Work task =>
Below is a listing; write it out exactly and drop any images from it.
── Supplied information
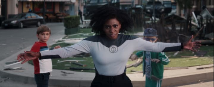 With Wanda doing battle with Agatha, and Vision fighting White Vision, Tommy and Billy are left to deal with the invading S.W.O.R.D agents. They appear to be winning, but while distracted with celebrating their victory, Hayward attempts to shoot at them. Monica Rambeau throws herself in front of the boys, with her new powers instinctively converting her body to energy to safely stop the bullets. This is followed by a cute moment in which Monica and Billy compliment each other on their abilities.
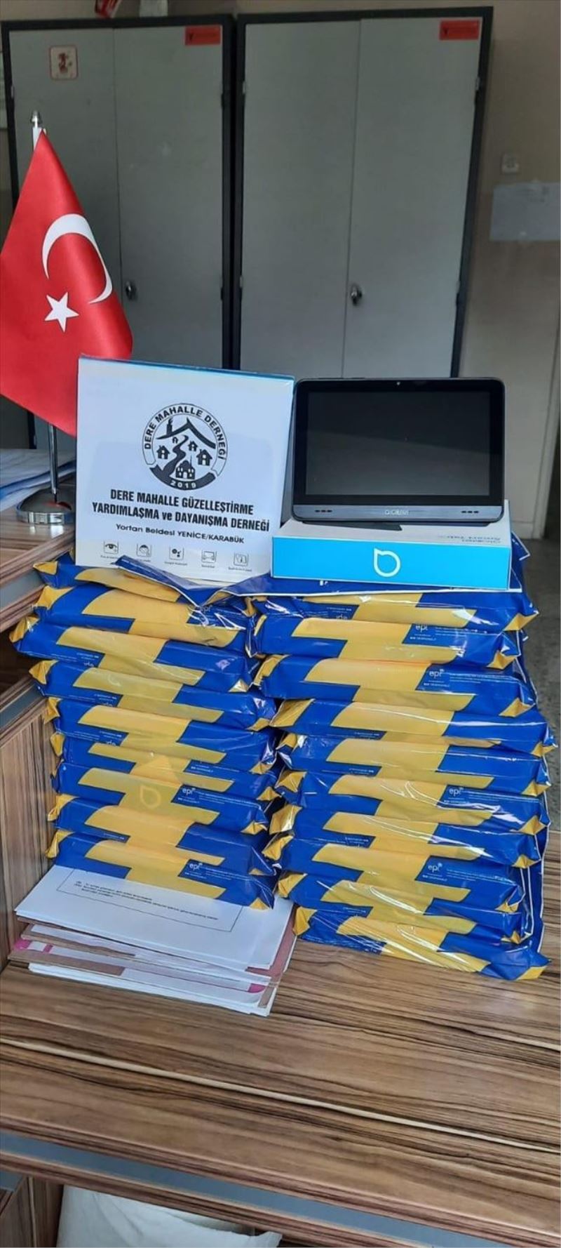 Yortan Dere Mahalle Derneği tarafından ilkokul çocuklarının eğitimine destek verilmek üzere alınan tabletler okula teslim edildi.
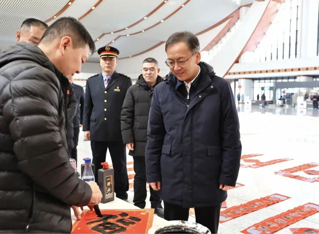 随后,向辉来到白山东站,调研候车大厅、安检通道、站台等重点区域客运保障情况。站内,市委宣传部组织开展的新春送祝福活动吸引众多旅客领取春联,向辉兴致勃勃地与书法爱好者交流,称赞他们用笔墨传递年味与温情。其间,他详细询问跨区域交通接驳、运力调配、客流疏导等措施,希望铁路部门与地方紧密协作,优化服务流程,强化安全管理,全力保障旅客出行安全、便捷、舒心。
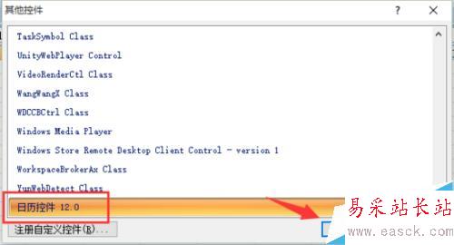 4、點擊”其他控件圖標(biāo),在彈出”其他控件窗口中找到”日歷控件選擇點擊它,然后點擊【確定】。如圖所示;
────
Task solution =>
 With Wanda doing battle with Agatha, and Vision fighting White Vision, Tommy and Billy are left to deal with the invading S.W.O.R.D agents. They appear to be winning, but while distracted with celebrating their victory, Hayward attempts to shoot at them. Monica Rambeau throws herself in front of the boys, with her new powers instinctively converting her body to energy to safely stop the bullets. This is followed by a cute moment in which Monica and Billy compliment each other on their abilities.
 Yortan Dere Mahalle Derneği tarafından ilkokul çocuklarının eğitimine destek verilmek üzere alınan tabletler okula teslim edildi.
 随后,向辉来到白山东站,调研候车大厅、安检通道、站台等重点区域客运保障情况。站内,市委宣传部组织开展的新春送祝福活动吸引众多旅客领取春联,向辉兴致勃勃地与书法爱好者交流,称赞他们用笔墨传递年味与温情。其间,他详细询问跨区域交通接驳、运力调配、客流疏导等措施,希望铁路部门与地方紧密协作,优化服务流程,强化安全管理,全力保障旅客出行安全、便捷、舒心。
 4、點擊”其他控件圖標(biāo),在彈出”其他控件窗口中找到”日歷控件選擇點擊它,然后點擊【確定】。如圖所示;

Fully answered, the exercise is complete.